LEGT OP een gevangenisstraf voor de duur van 32 (Tweeëndertig) maanden gevangenisstraf.
BEVEELT dat de tijd welke [veroordeelde] voornoemd in het Verenigd Koninkrijk in voor¬lopige hechtenis alsmede ter executie van de haar opgelegde vrij¬heidsstraf heeft doorgebracht en de tijd gedurende welke zij met het oog op overbrenging naar Nederland en uit hoofde van de Wet over¬dracht tenuitvoerlegging strafvonnissen van haar vrijheid beroofd is geweest, bij de tenuitvoerlegging van de straf in zijn geheel in mindering zal worden gebracht.
Beveelt dat een gedeelte, groot 12 (twaalf) maanden, van deze gevangenisstraf niet tenuitvoergelegd zal worden, tenzij later anders wordt gelast.
Stelt daarbij een proeftijd van 2 jaren vast.
De tenuitvoerlegging kan worden gelast indien veroordeelde zich voor het einde van de proeftijd aan een strafbaar feit schuldig maakt.
Stelt als bijzondere voorwaarde:
dat veroordeelde zich gedurende de proeftijd blijft onder toezicht en leiding van de Reclassering Nederland, ressort Amsterdam, en zich gedurende die proeftijd gedraagt naar de door of namens die instelling te geven aanwijzingen, zolang deze instelling dat noodzakelijk oordeelt.

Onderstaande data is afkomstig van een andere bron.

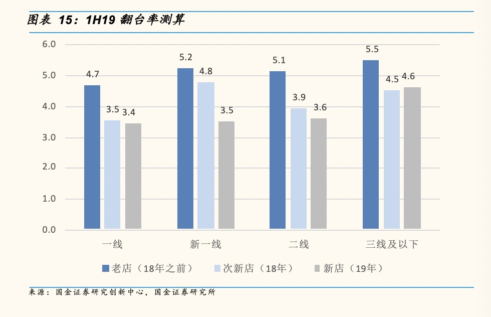 一线城市客流量出现分化。从我们跟踪的客流量数据来看,一线城市由于门店网络扩张明显,拉新的边际效应在降低,1H19期间单店客流量表现开始分化。处于核心商圈的老店凭借选址优势,翻台率长期处于高位;但在某些城市部分门店密度较高的区域中,已经出现老店客流量低于新店的情况。

Gelast de tenuitvoerlegging van de straf, voorzover deze voorwaardelijk is opgelegd bij voornoemd vonnis d.d. 19 april 2007, zijnde 180 (honderdtachtig) dagen gevangenisstraf.
Aldus gewezen door:
mr. M.F.J.M. de Werd, voorzitter,
mrs. H.P.H.I Cleerdin en M.M. van der Nat, rech¬ters,
in tegenwoordigheid van mr. A.B. Boukema, grif¬fier,
en uitgesproken ter openbare terechtzitting van 23 december 2008.